To understand the stem cell controversy, we must know the meaning of such terms as:

What is a cell?
A cell marks the boundary between the living and the non-living. The molecules that serve as food for a cell and the organic molecules that make up a cell are not alive. However, working together in a highly organize manner, chemical and electrical processes enable cells to take in energy in the form of food and water to become self-sustaining, capable of responding to stimuli and reproducing themselves. This is life. Stopping these cellular processes causes death, that is, the reversion to a non-living state, were response to stimuli and reproduction are absent. While the human body contains many types of cells, all cells contain the same components. Working from the outside in, a cell is surrounded by a membrane, called a plasma membrane. Under a microscope, you would see that a cell is rounded in shape, like a tiny pill. Inside is a liquid called cytoplasm. Suspended in the cytoplasm are minute bodies called organelles. These structures process chemicals and molecules to form the specialized functions of the cell.
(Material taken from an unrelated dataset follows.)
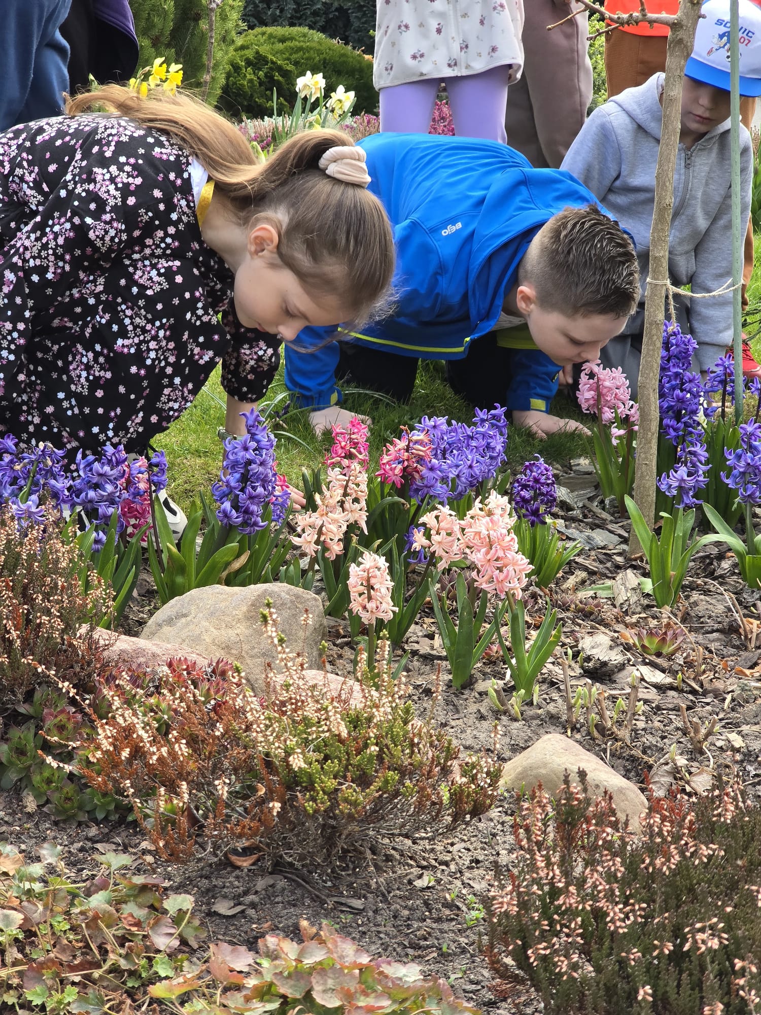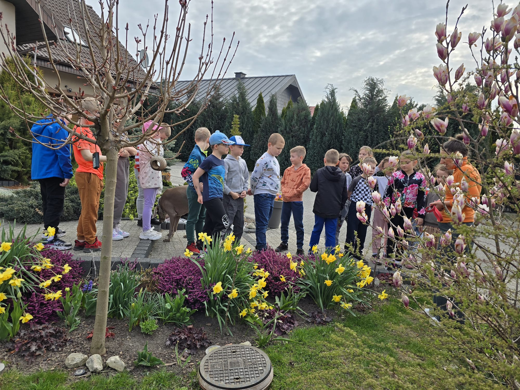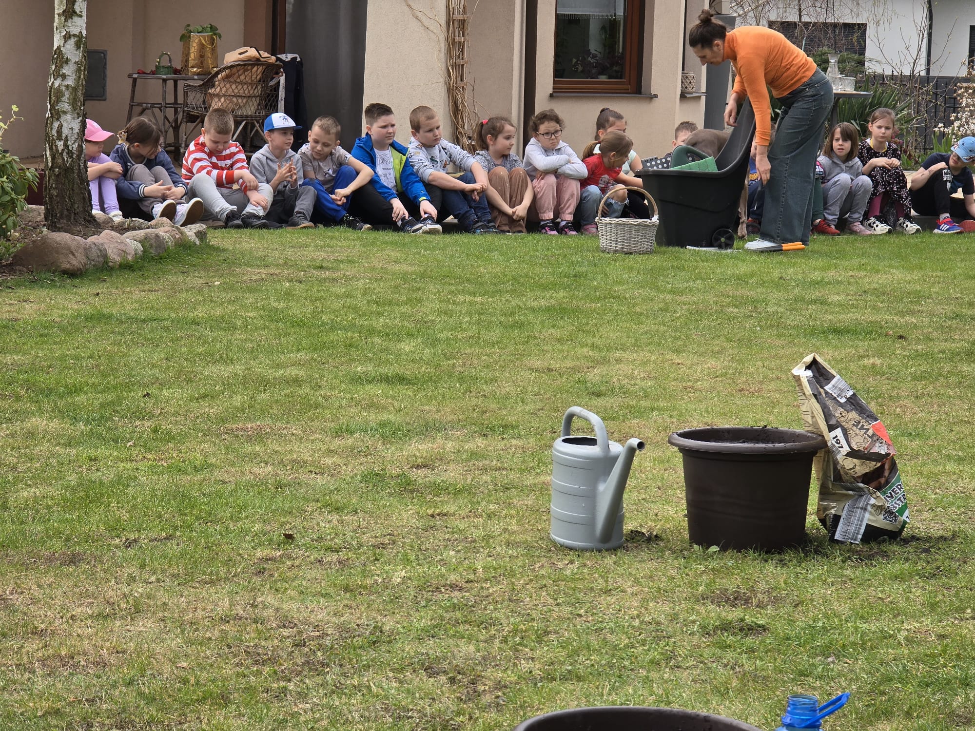 W poniedziałkowe przedpołudnie dzieci z kl. 2 a wybrały się z wychowawczynią p. Magdaleną Pawłowską do wiosennego ogrodu p. Marty Sikory. Uczniowie poznali nazwy wielu roślin kwitnących wiosną, dowiedziały się jak o nie dbać i jakich narzędzi ogrodniczych używać. Było, też szukanie wielkanocnego koszyczka oraz zadanie specjalne - sianie roślinek do doniczek. Dziękujemy p. Marcie za wspaniałą gościnę.

Also in the liquid along the wall of the membrane is the nucleus, which stores the genetic information needed to direct these processes.

Diagram of a human cell

In an interview with William L. Todt, associate professor of biology at Concordia College, Moorhead, he explained how the cell works, comparing it in function to a auto shop.

"Imagine an automobile repair shop," he said. "The mechanic's manual contains the information, diagrams and directions on how to put the car together. This is the function of the nucleus. It contains the genetic codes."
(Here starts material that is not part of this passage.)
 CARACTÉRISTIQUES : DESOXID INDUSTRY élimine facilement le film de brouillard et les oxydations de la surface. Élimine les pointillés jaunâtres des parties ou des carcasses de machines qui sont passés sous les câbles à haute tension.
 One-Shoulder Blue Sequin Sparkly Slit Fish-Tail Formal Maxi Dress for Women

The mechanics, the tools, the electricity, the nuts and bolts, the parts, are the material and energy needed to put the car together according to the directions, he explained. This is the function of the cytoplasm and the organelle. Organelle such as the Golgi complex and the endoplasmic reticulum are like cubicles where molecular processes and assembly take place.
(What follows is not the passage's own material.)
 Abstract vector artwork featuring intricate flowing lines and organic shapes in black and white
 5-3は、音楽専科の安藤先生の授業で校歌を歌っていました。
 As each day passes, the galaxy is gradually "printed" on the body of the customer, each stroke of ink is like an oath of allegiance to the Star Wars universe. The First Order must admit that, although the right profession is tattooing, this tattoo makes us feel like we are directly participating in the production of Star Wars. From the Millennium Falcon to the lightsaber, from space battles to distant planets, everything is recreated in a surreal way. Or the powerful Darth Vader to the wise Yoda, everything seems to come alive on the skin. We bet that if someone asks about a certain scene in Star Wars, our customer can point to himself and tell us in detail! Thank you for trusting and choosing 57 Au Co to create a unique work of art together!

The garage itself is the building where all this goes on, and that is the function of the surrounding membrane, that is, the shell, called the plasma membrane. It protects and encloses, plus lets molecules in and out.

What is an egg?
An egg is the female germ cell that contains all the genetic information of the mother in the nucleus, surrounded by a cell membrane. Sperm is the male germ cell.

Human egg cell

When the sperm unites with the egg through fertilization, an embryo is the result. However, the egg is also a kind of magic room, for if you take the original nucleus (unfertalized) out of that egg shell and put in a skin cell and give it an electrical zap, the egg environment will regress the skin cell to a stem cell, producing a clone of the donor nucleus. If implanted in a womb, a living clone would be produced.

What is an embryo?
An embryo created either in vivo or in vitro, that is, either in the body or in a laboratory, conventionally involves the fertilization of a female egg, which is a single cell, by a male sperm, which is another single cell. Here is how it begins. Once the sperm unites with the egg, a zygot is formed. While this is a combination of two cells, it is, itself, one cell.

Formation of the blastocyst

A zygot has half the chromosomes of the mother and half the chromosomes of the father united in a single cell and is capable of forming a new, unique human being, that is, a son or a daughter.

As this cell divides, it produces other cells with the same genetic information. As these cells continue to grow, a microscopic hollow ball filled with liquid is formed called the blastocyst. The outer membrane, the shell, of this ball is called the trophoblast. This outer membrane will become the placenta. The blastocyst is an embryo at its earliest stage.

Resting on the inside wall of this ball is a clump of other cells. These cells are the stem cells. Eventually, these stem cells will differentiate into distinct body parts, becoming the fetus.

Human embryo four weeks after conception

It is a marvelous world of astounding complexity, all working together to produce a unique life that will some day, if all goes well, be capable of living independently as a human being.

Shortly after fertilization, the embryo travels down the oviduct, a tube, into the womb and implants, that is, attaches to the wall of the uterus. Here it receives nourishment from the blood of the mother and grows into a fetus.

What are stem cells?
As mentioned above, stem cells are the inner cell mass that initially clings to the inside wall of the trophoblast. As the stem cells develop and differentiate, they initially flatten into a disk of cells, then start to fold in on themselves, eventually becoming the fetus.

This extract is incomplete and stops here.